`ppoll(2)` is a C library function you call. On glibc, depending on which implementation you hit on your architecture, the `ppoll` call will segfault before the syscall if you call it with bogus timeout or sigmask pointers, as glibc is dereferencing them.
> That's why you use sigaction(2) to register signal handlers --- your callback gets both a siginfo_t and a ucontext_t you can use to figure out whether your segfault came from a region of code you know about or some other random thing going wrong in your process.
It is true that you could try to figure out whether the faulting address is within a range you thought belonged to a particular thing, but I don't see any reason or benefit. However, this is fragile: Distinguishing between a page fault from a corrupt program state and a page fault in a valid program depends on the program state (specifically, inspecting memory that is likely foo), which in turn makes the output undefined. You won't get false negatives, but will get false positives.
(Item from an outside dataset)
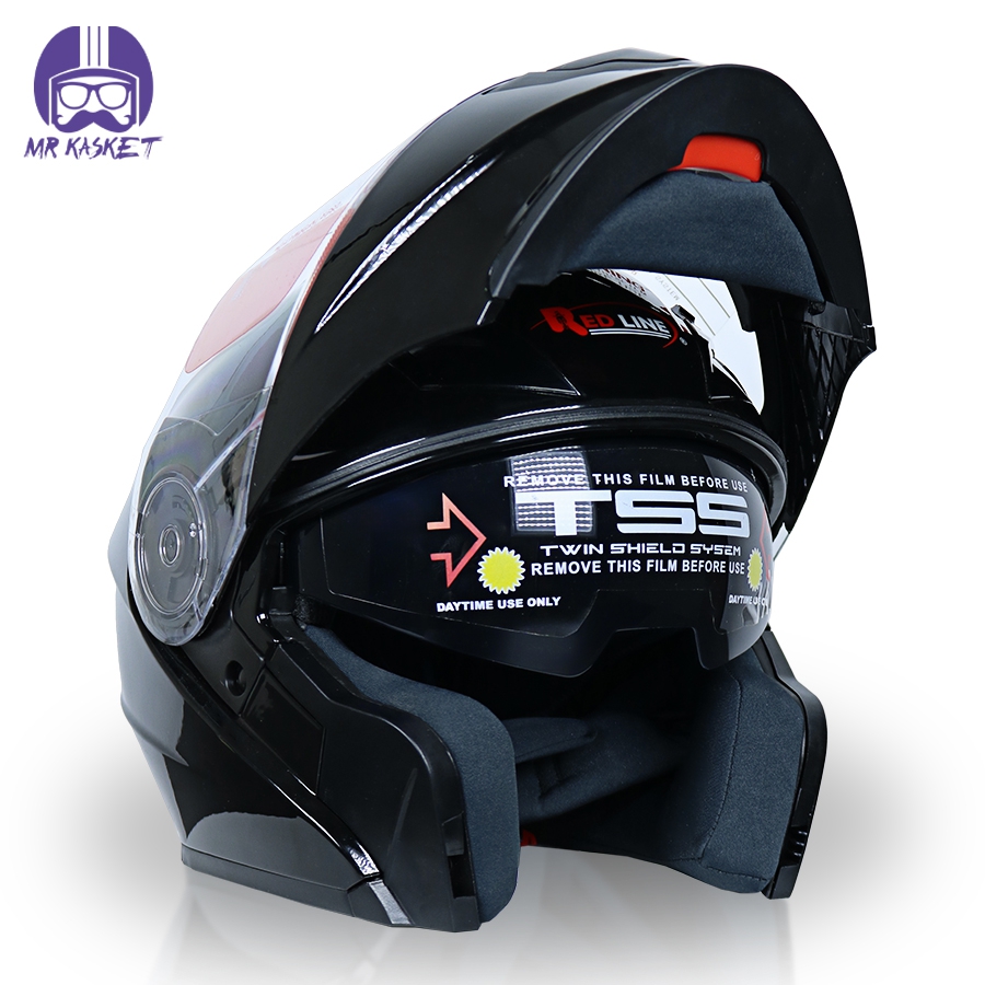 کلاه کاسکت بلوتوث دار فک متحرک ردلاین مدل ۹۳۹ رنگ مشکی براق

You could also try to establish a list of all program counter values (PIE/PIC caveats), and check if the signal originated from near those, but... Ugh.
Now, any other signal I could level with you, but not SIGSEGV. Not until I see some code where it's truly justified: a real, tangible benefit that can only be obtained in this fashion, justifying all the gymnastics and (in my opinion) nastiness of trying to handle a signal that should never be handled in the first place (not even for crash dumps, they're always worse than a proper core).